There are fundamental differences in concept between signals and systems. I will explain this through the idea of unit consistency (see for instance). However, for LTI systems, signals and systems become dual through convolution, since the latter is commutative. Two digressions first, due to the mention in
@Dilip Sarwate answer.
- Digression 1: LTI systems can have the same output for different signals
If two different systems provide the same outputs for some input signals, this means they share some properties. But if their outputs are equal for all inputs, then they essentially have the same impulse response, and they are virtually the same systems.
For instance, imagine you have an input sine at frequency $f$. If both systems cut frequency above $f-\epsilon$, both have the same behavior for that signal, but they can be two different low-pass systems, more signals are needed to distinguish them.
- Digression 2: two different input signals can have the same output through a given LTI system
For instance, a constant signal equal to one, or a 2-periodic signal with {$2,0$} values produce the same output for $2n$-averaging filers.
Back to your question. A system $\mathcal{S}$ turns inputs $X$ into outputs $Y$, respectively with physical units $u_X$ and $u_Y$. So a system can be seen as a unit converter, formally with inner unit $u_Y/u_X$. Generally, the system is "fixed", while inputs my vary. So, there is no reason why $\mathcal{S}$ and $X$ should play the same role.
However, when one considers LTI systems, suddenly system properties can be somehow transfered to signals, and vice-versa (as long as the convolution is well-defined). This is related to the fact that convolution commutes with shifts.
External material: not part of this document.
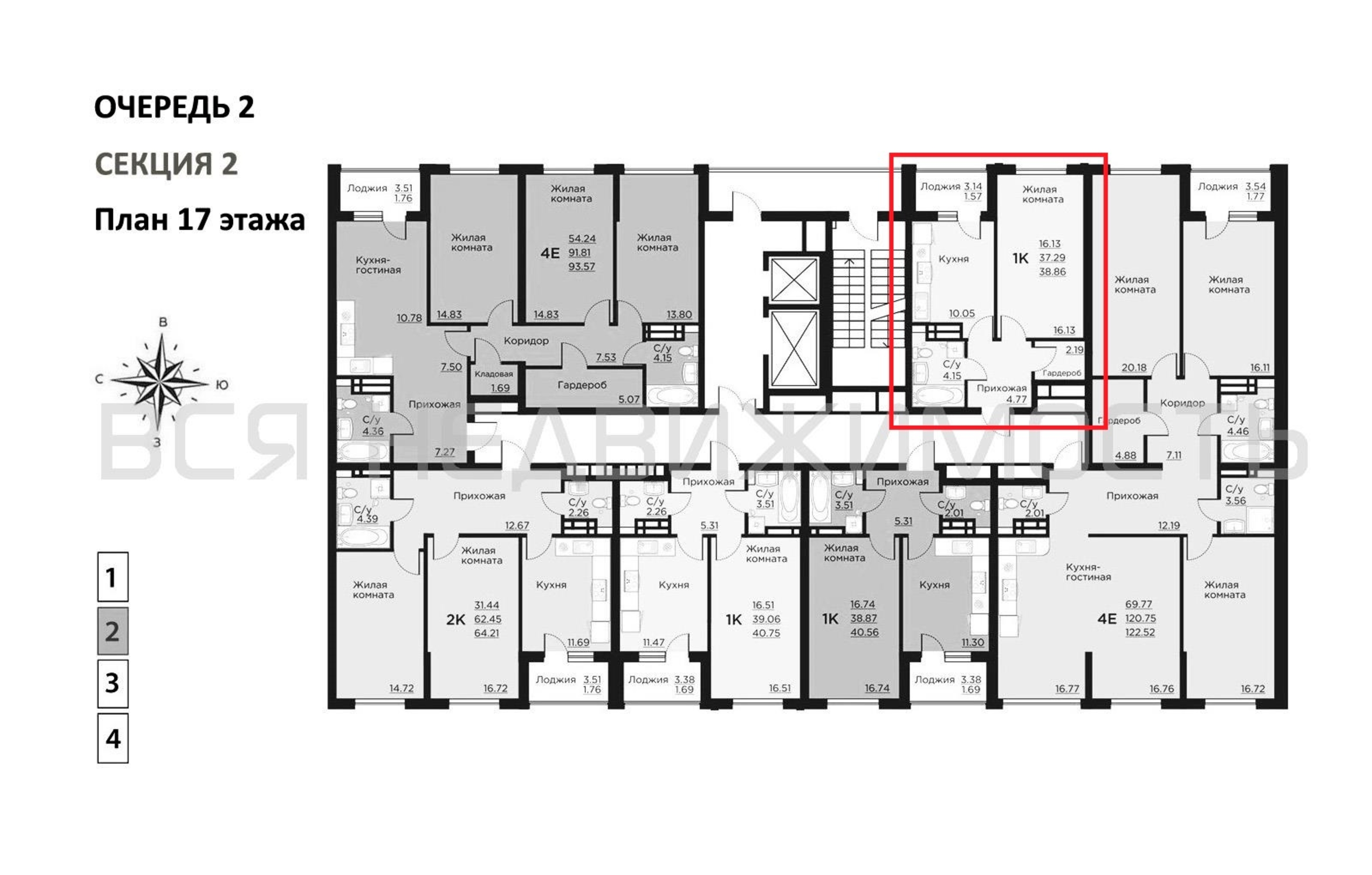1-комнатная квартира, 38.86 м² 17/18 этаж ID объекта 100082470

For simplicity, imagine a "three-tap" system, with $z$-transform response $h_{l}z^{-l}+h_{m}z^{-m}+h_{n}z^{-n}$.
You can directly convert this into a three-band filter bank, with a single input and respective answers $h_{l}z^{-l}$, $h_{m}z^{-m}$ and $h_{n}z^{-n}$. Each branch only provides, for each input, a scale factor and a delay.
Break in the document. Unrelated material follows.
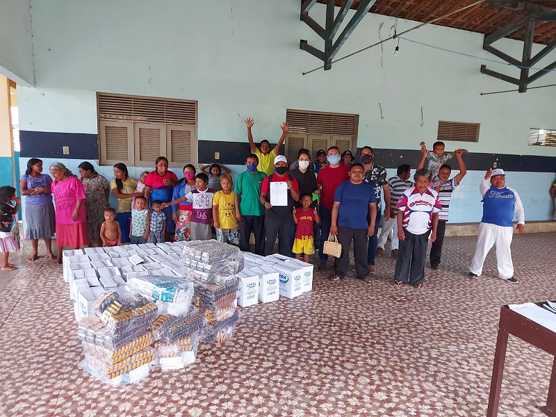 Além das cestas básicas, foram doados sabonetes para higiene pessoal para 21 famílias indígenas venezuelanas da etnia Warao, que estão no município. Ao todo, são 72 Warao abrigados em prédios cedidos pelo Lar da Criança Pobre.
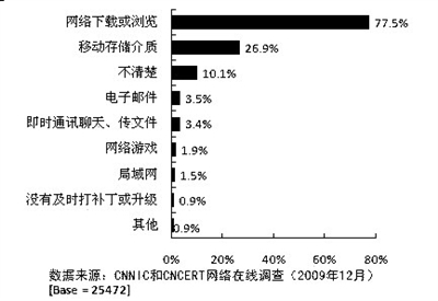 去年,我國有超九成網民碰到過網絡釣魚網站,遭遇網絡安全事件的網民中77.5%是在網絡下載或瀏覽時遭遇病毒或木馬攻擊(詳見附表)。77.3%的網民反映付出大量時間,平均每人需花約10個小時處理事故。

But the same happens to signals: each input $x=\{\ldots,x_{l},\ldots,x_{m},\ldots,x_{n},\ldots\}$ can be split into scalar components:
$$x=\ldots+x_{l}\delta_{l}+\ldots+x_{m}\delta_{m}+x_{n}\delta_{n}+\ldots$$
where $\delta_{\cdot}$ denotes the Kronecker symbol. Due to linearity, each component could be fed through the linear system. When everything (signal and system) is split this way, computations are just a bunch of $x_{k}\delta_{k}$
going through a couple of $h_{i}z^{-i}$, which fundamentally are the same operations: a factor/an amplitude and a delayed sample/a delay operator. In other words, $x_{k}\delta_{k}$ going through $h_{i}z^{-i}$ yields the same result as $h_{k}\delta_{k}$ going through $x_{i}z^{-i}$, because the product $h_{k}x_{i}$ is commutative (and preserves unit consistency), and delays commute as well.
In other words, an LTI just yields a weighted sum with weights $h$ on input samples of $x$: $\sum h_i x_{k-i}$, which can be read as well as a weighed sum with weights $x$ on input samples of $h$: $\sum x_i h_{k-i}$. For unit consistency though, one should switch the units of $x$ and $h$.
This interchangeability between signals and systems in the LTI seems to be at play (at first glance) in the polyphase/modulation expression of filter banks, or in matched filtering.